Art Review: Hilma af Klint's What Stands Behind the Flowers
Museum of Modern Art, New York City, through Sept. 27
Over the past dozen years "Hilma af Klint has become a cultural force," said Jay Cheshes in Smithsonian. "Touted as an early feminist, a queer icon, a prophet, a witch—whatever your worldview wishes," the Swedish artist and spiritualist (1862–1944) is foremost known as the forgotten woman who invented modernist abstract painting before the men who were long credited with the innovation. An exhibition of her towering, brilliantly colored paintings toured Europe before their 2018 U.S. debut at New York City's Guggenheim, drawing record crowds at every stop. Af Klint had a skilled hand, said Natalie Haddad in Hyperallergic, and her "gossamer touch" elevates each of the 46 botanical drawings that are appearing in a follow-up exhibition at MoMA. But the artist's technique "can't fully account for the enthusiastic crowds examining the works with MoMA's magnifying glasses," supplied to help reveal every detail of af Klint's renderings.
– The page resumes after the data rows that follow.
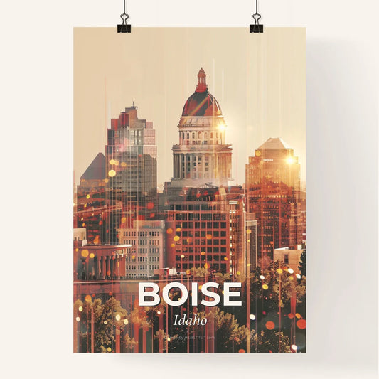 Boise Idaho City LIGHTS and ARCHITECTURE Art - A city skyline with a dome and trees
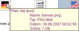 Ziehen Sie die Maus über ein Thumbnail, erhalten Sie weitere Informationen wie Pfadname (relativ), Name, Typ, Änderungsdatum und -zeit sowie Größe.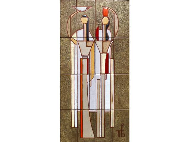 Panos Valsamakis Azulejo 63 x 31,5 "Figuras " ass CID anos 60 - Grécia

Compared with the blockbuster 2018 show, "What Stands Behind the Flowers" is "a different affair," said Ariella Budick in the Financial Times. It's a show "full of quiet delights, puzzling codes, and a background hum of spiritual intensity that may resonate more with others than it does with me." Af Klint, shortly after World War I, announced that she was tired of being "lectured to" by the spirit guides that had allegedly directed her in the creation of the giant abstractions she's now celebrated for. As she approached 50, she turned to looking for insight into her own soul by seeking its reflection in nature, and from 1919 into 1920, she painted delicate portraits of flowers and other native plants while ascribing to each a particular spiritual state that's noted by the inclusion of a small pictogram or two. "These glyphs must mean something," but af Klint wasn't consistent in her use of this secret language. "Treat these drawings as a code to be cracked and you'll leave the galleries in frustration; savor the randomness and you come closer to the confounding expressiveness of a deeply original artist."
A notebook kept by af Klint translates the pictograms' meaning in "charmingly factual prose," said Walker Mimms in The New York Times. She credits a particular creeping vine with "spiritual initiative that uplifts the organs of our soul and body." She calls sedge a manifestation of gluttony and purple lousewort an avatar of self-interest. These, as well as a few earlier of the artist's works, "reveal her fixation on the possibility that a numinous reality underpins our visible one." This show closes with a wall of energy paintings from 1922, and "they are sloppy and fun, like cannonball dives into the placid surface of a lake." Oddly, "they are also less interesting."